The fault lies only in having done this without notifying you. I did not think that you are a person of formalities. And besides Biel wrote to me that there was nobody who wanted to have the banner in his house, and thinking that I could lift the compromise, I wrote him to send everything to me. Nevertheless, I wrote to you on that same occasion and Biel did not like to hand over the letter alleging reasons in order to have this in secrecy.

It would have been better to continue my silence and reservation, because when you are asked particularly about the objects you could answer them, I do not know; and now you have to answer what you know and according to what I have written to you. It is in one of those cases that we must and could prevent and foresee. I think it is prudent to keep silent; if I acted wrongly, this will be unintentionally in your judgement.

I have not appropriated these objects. Everything that is not of God and his love, I consider it very cheap, and its possession disgusts me. Regarding the rest, if you know a better use of them, I will send them to you whenever you like. These are things that do not make me more or less perfect before God and are not indispensable means for salvation. Consequently, I could very well detach myself from them.
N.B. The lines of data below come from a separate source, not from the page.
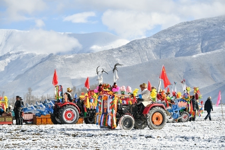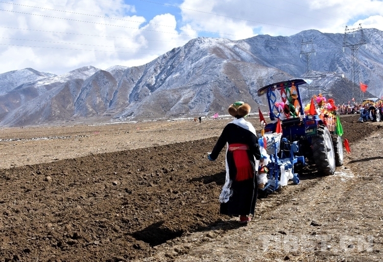 在雪水浸潤過的肥沃土地上,深耕機(jī)車輪翻滾而過,駛過的土地上翻起深色的泥土,婦女們跟在后面播撒青稞良種。
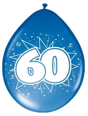 Deze ballonnen met het cijfer 60 erop zijn per 8 stuks verpakt. Deze ballonnen zijn alleen geschikt voor luchtvulling en in dit zakje zitten verschillende kleuren ballonnen.
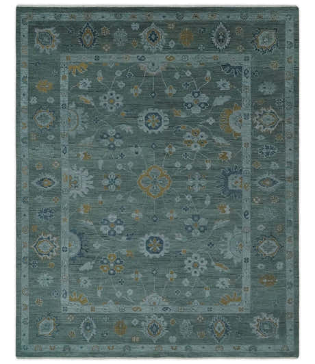 Custom Made Green, Silver and Olive Hand knotted Traditional Oushak Wool Area Rug
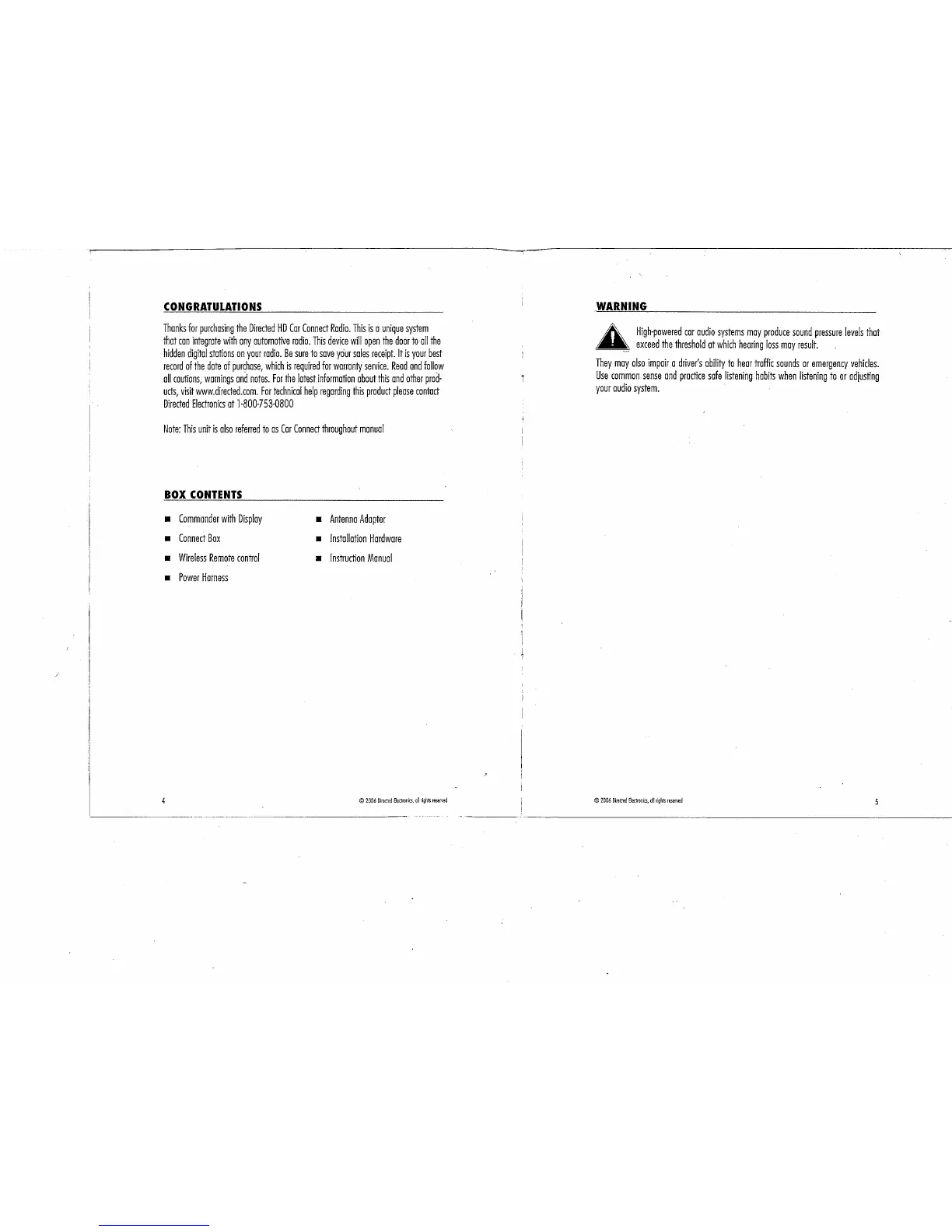 Directed DMHD1000 - CONGRATULATIONS; WARNING; BOX CONTENTS

I keep them not as a private person but as somebody interested in the School.

With regards to our friendship, it has nothing to do with this, because they are not matters of friends but of comrades in public concerns. I could be reserved without compromising the laws of good friendship.

You must know that everything that belongs to the confraternity and religious associations, are on sale and are in the possession of the government. One slight insinuation would be sufficient for everything to go to the hands of who knows who. I tell you this because if Bernardo wants, he has in his hands a very sure means to possess everything. He could do it. If he will, no one knows. On my part what I have of the School will certainly not fall in profane hands except in a surprise of an event that I do not expect. I will never entrust these to anybody except to an ecclesiastical authority, and I do not know if you, who took badly of what I did, have the disposition of compromising without necessity or with reason for this end.

Have the kindness of communicating my sentiments to all the rest of the members of the Board for my justification.

I desire very much that you and your wife, Marietta will recover your health perfectly.

I received a letter from Juana in which she mentioned about the money you have given destined for the purpose I have requested. I, upon receiving yours, took care of the intentions that were marked in the attached note. I appreciate the concern and trouble you have taken.

Greetings on my part to your sister and brother-in-law and to your nephew Pelegrí, also to all our friends, and dispose of this your affectionate and faithful friend who truly loves you.